User Behavior Analysis with SplunkBack in my days at IBM T.J. Watson Research Center where we were working on techniques to detect known and unknown malware, the fast growing challenge was the rising threat of malware’s abilities to become polymorphic.

Malicious snippets of code encrypted themselves and made it very difficult to apply conventional signature based detection techniques.

We’ve developed a tiny virtual machine in C language that was able to load malware code in real time and analyze it’s behavior without need to figure out how to decrypt it. Certain score metrics were assigned to keypoints and function calls and logic was put in place to trigger an alert if “risk” score exceeded certain heuristic threshold.

That technique allowed us to deliver top quality enterprise security solution (purchased by Symantec later on) that was capable of detecting previously unknown threats. That was more than 15 years ago.

While working with financial clients and technology companies today I can see that old behavior pattern analysis stays as strong as ever helping enterprises to discover new types of suspicious behaviors and investigate malicious activities with previously unknown patterns from previously unknown sources.

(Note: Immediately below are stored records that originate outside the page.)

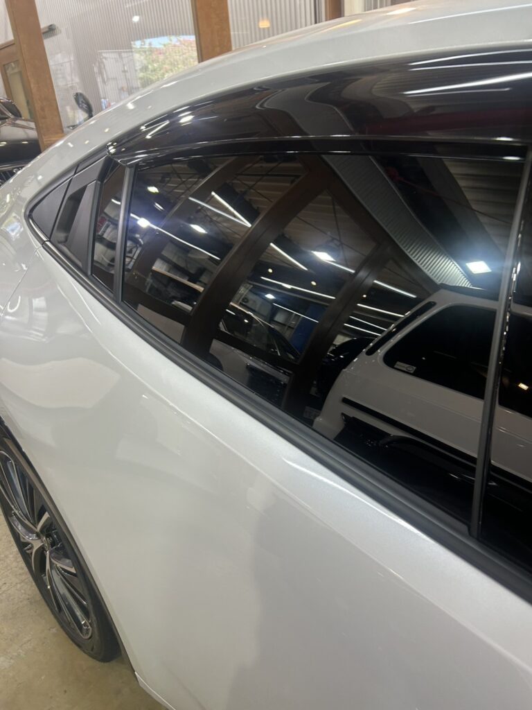同時に施工したリア5面のウインドウフィルムは、プライバシー保護や車内温度上昇の軽減にも効果的。これにより、見た目の引き締まり感だけでなく、快適なカーライフもサポートします。
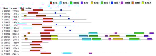 The motifs of each ZjSBP gene by MEME. Numbers 1–10 are displayed in different colored boxes. The sequence information for each motif is provided in Table 2.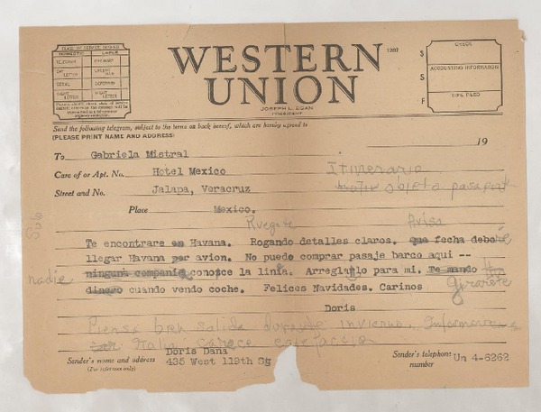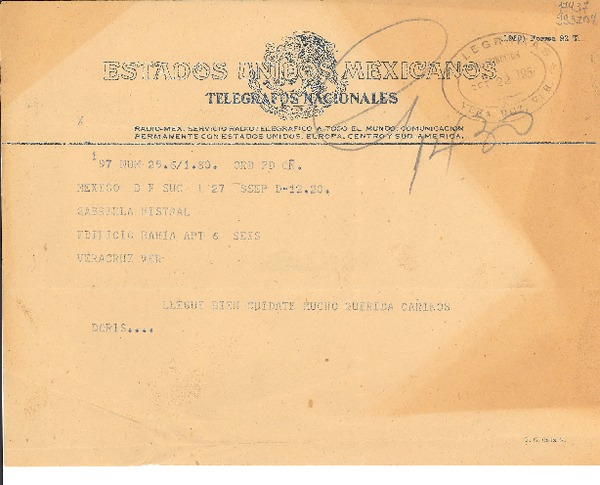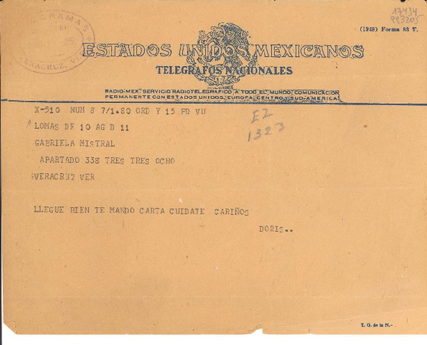 [Telegrama] [1950], [México D. F.] [a] Gabriela Mistral, Veracruz, [México] [manuscrito] Doris [Dana].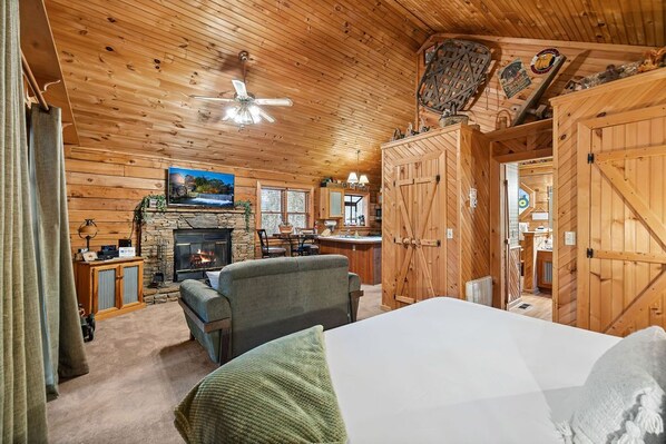 Galeria de fotos de Romantic cabin close to strip w/ private patio, hot tub, and king size bed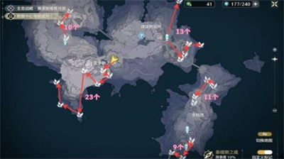 2. 峡谷穿梭线(23个点位):贯穿泰缇斯裂谷的核心路线,需注意部分点位位于悬浮平台上,建议携带二段跳角色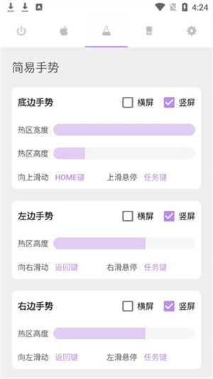 Kesture小横条app是目前最新推出的一款小竖条手机功能设置的应用软件,它主要是为一些经常需要使用的小伙伴们提供快捷的手势控制服务。该软件支持用户自定义手势操作、悬浮窗等各种实用工具的使用体验以及多种模式选择!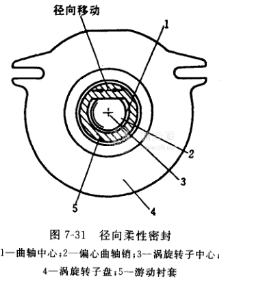 渦旋轉子與渦旋定子的徑向密封是指渦旋體側面嚙合點處的密封。徑向柔性密封是利用渦旋轉子的回轉離心力的作用來提供所需的側面密封力。在偏心銷2和渦旋轉子的中間設有游動襯套5(圖7-31),并有足夠的游隙,使渦旋轉子能在徑向有微小位移,以提供有限的柔性。對渦旋轉子離心力的大小,可通過加平衡重來調整,以防止離心力過大而增加摩擦損失和磨損;而離心力過小時,則不能產生足夠的側面密封力,使泄漏增加,從而增加了噪聲和使壓縮機性能惡化。徑向柔性密封同時具有排出固體雜質或液體制冷劑的能力,具有良好的抗濕行程的能力。

Industry leaders seems to agree that some of the recent high profile breaches could of been thwarted with properly configured behavior analysis SIEM system in place.

With attackers and fraudsters changing their approaches and techniques daily – the behavior analysis based solutions seems to be the most promising in offering detection and protection layers against previously unknown threats.

The advantage of Splunk in tackling such a complicated tasks is that it’s very opened and scalable framework.

You don’t need to “pay extra to enable feature A, B and C” (as usually the case with many appliance-based offerings) and you don’t need to hire army of vendor consultants to tweak their solution to your business specifics.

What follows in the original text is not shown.